Past research suggests LGBTQ college students are four times more likely to suffer from mental health issues compared to the general student population.
“Mental health outcomes, as well as negative educational outcomes like dropping out, are preventable,” said Sarah Ketchen Lipson, a Boston University School of Public Health assistant professor of health law, policy and management, and lead author of an August 2019 paper on the subject.
“The most effective way to prevent them would be, from my perspective, through policy changes. Inclusive policies are necessary to advance equity.”
Inclusion improves mental health
Raifman says LGBTQ-inclusive rights play an “important role” in mental health. In a 2017 study in which Raifman participated, for example, it was found the legalization of same-sex marriage reduced all high school suicide attempts by roughly 7 per cent.
Another study bolstering this claim was published in December 2019. In it, researchers found that a supportive family environment makes LGBTQ children less likely to be victims of bullying, likely because acceptance helps children develop a healthy sense of self and well being.
Not enough research on LGBTQ teens
Currently, there aren’t enough studies on substance use, mental health conditions, and the victimization of LGBTQ youth to fully support them, according to researchers from the University of Pittsburgh.

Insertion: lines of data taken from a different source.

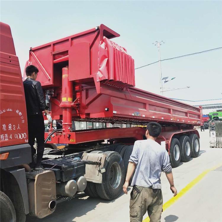 后翻是本公司新开发的一种新型半挂自卸车。它具有重心低,举升不易翻车等特点。车架与车厢已获 得专利,车架用16锰梁板制成,大大增加了承载强度。重心降低至1.3米一1.4米,运货中不上晃不 易侧翻,对轮胎和板簧、车架损害降低许多。 车厢采用前窄后宽的模式,根据三角形原理,当车厢举起时其重心比较集中,其边角线的倾斜到一 定角度时,大箱的边角钱与地面垂直,其底平线两边相差10公分,即大箱也不会侧翻。大箱的前窄后竟 设计更有利于货物的自卸,不易发生阻塞,货物均匀下滑,不至于发生一面下,一面不下的情况,因而 不会使车发生侧翻。 车的油缸是从厂家订做的,其材质强度与普通油缸不同,保修三年。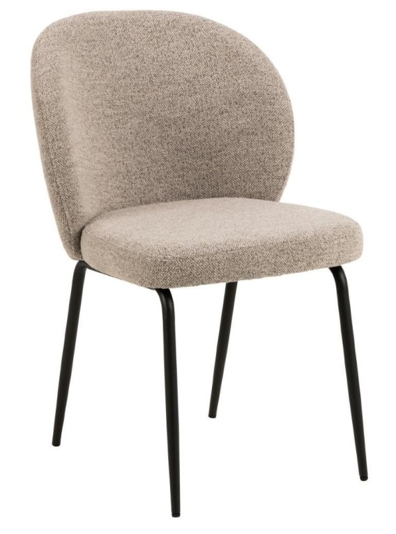 Krzesło Patricia posiada wygodne, szerokie oparcie. Tak samo jak siedzisko wypełnione jest gęstą pianką poliuretanową. Ich pokrycie stanowi tkanina Monza fabric beige 60. Podstawę krzesła stanowią cztery metalowe nogi malowane proszkowo na kolor czarny. Krzesło sprawdzi się świetnie w jadalni, restauracji czy sali konferencyjnej. Ilość kartonów: 1 Wymiary kartonów: 71x55x53,5cm Waga kartonów: 7kg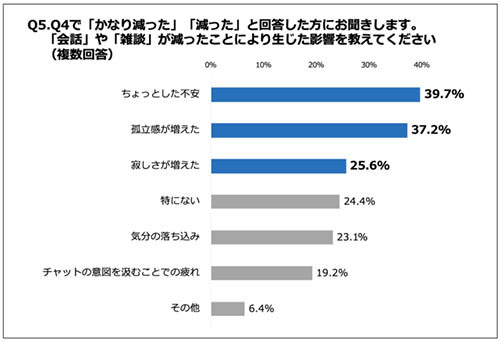 調査では、「出社時と比べ、テレワークでは『会話』や『雑談』をする時間は減りましたか?」と質問したところ、「かなり減った」が35.4%、「減った」が35.5%という回答になった。この影響について複数回答で尋ねると、「ちょっとした不安」が39.7%、「孤立感が増えた」が37.2%、「寂しさが増えた」が25.6%だった。

Scientists say a lack of study in this area limits the validity of the existing papers, posing an added challenge to researchers and policymakers attempting to support this population segment.
When compared to heterosexual, cisgender peers, LGBTQ youth are up to 623 per cent more likely to use substances in their lifetimes, up to 317 per cent more likely to suffer from mental health conditions, and are up to 280 per cent more likely to be a victim of bullying or abuse, according to a paper published in AAP News & Journals.